Final Fusarium reannoations are available via this link. Zenodo doi:10.5281/zenodo.13829922.
gffread -g <genome.fa> -o <output.gff3> --keep-genes -E -y <output.proteins.fasta> <original.gff3>
busco -i /<genome.fasta> -m genome -o <out.genome.busco> -l hypocreales_odb10 -c 4 --download_path <download_path> --offline
busco -i /<genome.fasta> -m protein -o <out.genome.busco> -l hypocreales_odb10 -c 4 --download_path <download_path> --offline
compleasm run -a <genome.fa> -o <out_dir> -l hypocreales_odb10 -t <threads> -L hypocreales_odb10
Repeat masking was performed by EI repeat
eirepeat configure --species sordariomyceta --run_red_repeats --close_reference <refeerence genome> --organellar_fasta <fusarium_organellese.fasta> -o <eirepeat_output> -f <genome.fasta>
galba.pl --workingdir=<working_directory> --genome <softmasked_genome> -prot_seq=<extracted_protein_sequences> --gff3 --verbosity=4 -- threads <thread_num> --skipAllTraining --species=fusarium_ei --AUGUSTUS_CONFIG_PATH <config_path>
Helixer.py --subsequence-length 21384 --overlap-offset 10692 --overlap-core-length 16038 --model-filepath fungi_v0.3_a_0100.h5 --temporary-dir <tmp.directory> --fasta-path <fasta_file> --gff-output-path <output_file>
liftoff -polish -cds -g <reference_annotation> -o <ourput_dir> {target_genome> <reference_genome>
The below commands are ran for all comparisons. For example, original annotations vs liftoff round1 or minos-selected models vs liftoff round2.

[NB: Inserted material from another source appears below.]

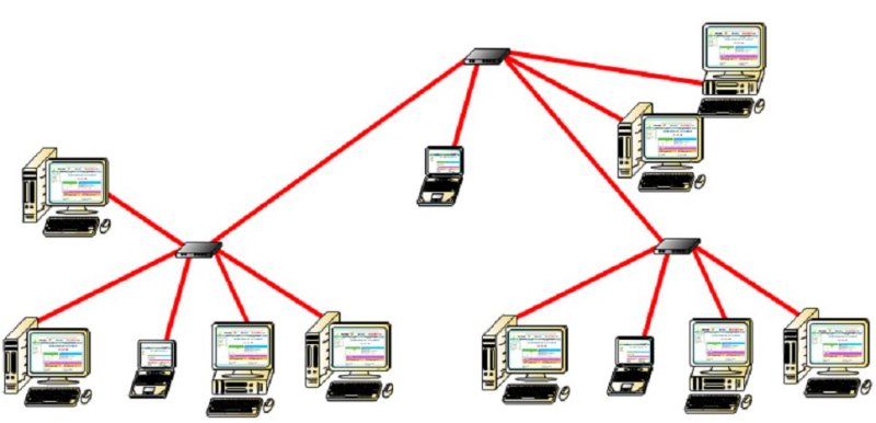 Topología en Árbol La topología en árbol aparece como desarrollo de la interconexión de varias topologías en estrella. | |
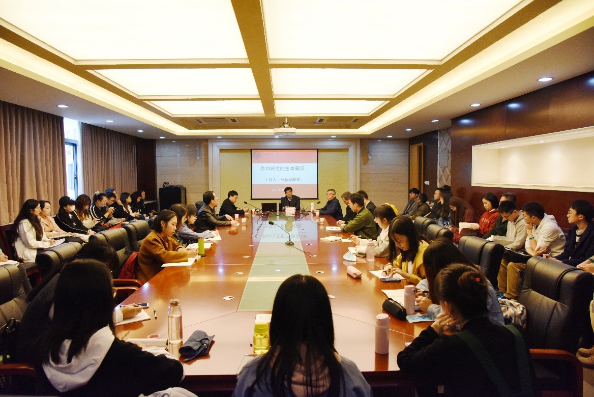 (通讯员:王楠)10月20日上午,北京外国语大学中英国上市公司365经理詹福瑞教授莅临公司讲学,主题为《李白诗文中的生命意识》。本次讲座由公司张新科经理主持,傅绍良教授担任点评人,北京外国语大学中英国上市公司365副经理方稚松,公司中国古代文学、中国古典文献学教研室教师刘锋焘、杨晓斌、王晓鹃三位教授及相关硕博士生参加了本次讲座。

"Reference" is the older set of annoations, "Target" is the newer.
gffread --keep-genes -C -o Reference.coding.gff3 Reference.gff3"
gffread -g Genome.fna -T -w Reference.coding.cdna.fa -o Reference.coding.gtf Reference.coding.gff3
gffread --keep-genes -C -o Target.coding.gff3 Target.gff3"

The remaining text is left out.